Learn the AI ​​to play Mario, watch live

On TikTok, between “get ready with me” videos, life hacks and memes, some robots are working on a challenge that most of us have faced at some point in our lives: beating up. Super Mario World. Over the past week, users have been live streaming the AI’s attempts to learn to play Mario, and for one robot in particular, it’s going pretty well. His name is Rupert and he only beat level 2.

The AI’s strategy will be familiar to anyone who remembers their first time wielding a Super Nintendo Controller. Rupert runs, jumps, hits enemies, falls off cliffs and dies—again, and again, and on. Every time he dies, Rupert tries again. Usually, it does almost the same moves as the one killed in the last round. But if you watch long enough, you’ll notice that Rupert is evolving and getting better. This is learning.

“It’s a program built to simulate natural selection with a neural network,” said Join the PCMasterRace, a TikTok user responsible for Rupert, who asked not to use his real name. (PCMasterRace is the offensive name of a subreddit about desktop computers.)

In other words, Rupert is a system of machine learning algorithms that get better by seeing their own mistakes. Rupert has a definite objective: get to the other end of the level. It knows what buttons it can press and can see what is happening on the screen. (You can actually see what Rupert “sees” at the top left of the video below.) But unlike the human Mario operator, the AI ​​can’t just assume that it should avoid the Koopas or fall off the cliff.

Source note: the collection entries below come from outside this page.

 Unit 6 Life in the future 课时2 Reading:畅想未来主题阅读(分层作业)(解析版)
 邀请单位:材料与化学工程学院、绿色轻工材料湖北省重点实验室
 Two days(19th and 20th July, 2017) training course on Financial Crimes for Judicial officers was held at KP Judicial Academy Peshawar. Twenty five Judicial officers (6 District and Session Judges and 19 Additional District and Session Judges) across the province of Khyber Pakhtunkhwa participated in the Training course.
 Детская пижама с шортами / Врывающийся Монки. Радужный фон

Rupert has all the positive and negative feedback. Basically, Rupert tries to do random things. It remembers what did and didn’t work and improves its strategy over time.

Rupert is modeled after evolution in the sense that it works using “species” and “generations”. The AI ​​uses a specific strategy for each species, which ranges from about two to six runs. For every 50-100 species, the AI ​​combines what it learns into “generations”.

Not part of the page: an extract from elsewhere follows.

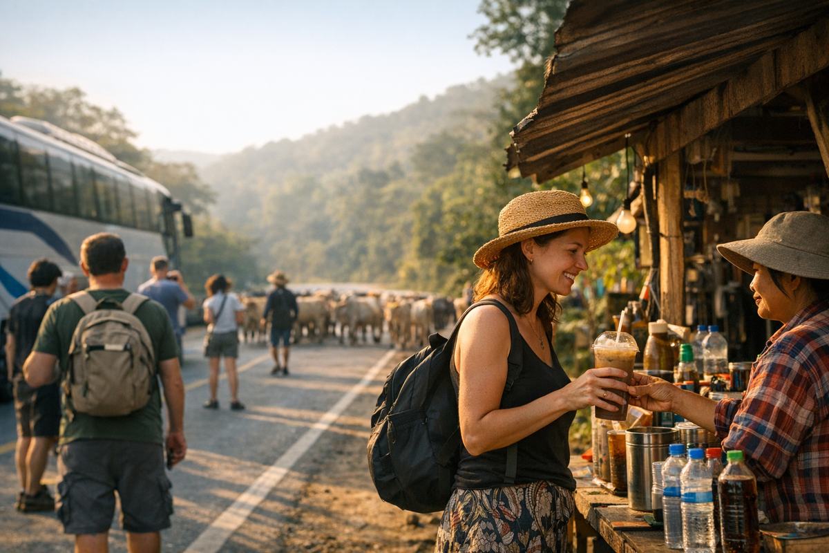 Помню дорогу в северной части Таиланда, когда водитель остановился посреди трассы не потому, что сломался автобус, а потому что впереди перегоняли коров. Все вышли, никто не возмущался, кто-то закурил, кто-то купил на обочине ледяной кофе. В пакетной поездке такое сочли бы накладкой. А у меня это осталось в памяти как один из самых теплых эпизодов. Потому что ты не потребитель услуги в этот момент, а участник чужой, настоящей, повседневной жизни.

As the AI ​​plays, it gets a “fitness” score. Mario’s fitness increases based on how far to the right he goes and how fast he gets there. Generations with high fitness are selected to “breed” for future generations, meaning AI builds on top of behaviors and patterns that work and starts new ones. This allows his decision making to become more sophisticated and complex over time.

It’s slow going, but it works. It took Rupert just 57 generations to overcome the first level, prompting celebrations in the comments as viewers cheered Rupert’s success.

Rupert, along with another TikTok-streaming AI Mario player named George, is running an open-source program called Mari/O. It was created by coder and live-streamer Seth Hendrickson, who goes by Sethbling online. Mari/O is not new. Hendrickson made it public years ago, but the robot machinery has been renewed in an era where the tech industry wants to believe that AI will soon take over the world.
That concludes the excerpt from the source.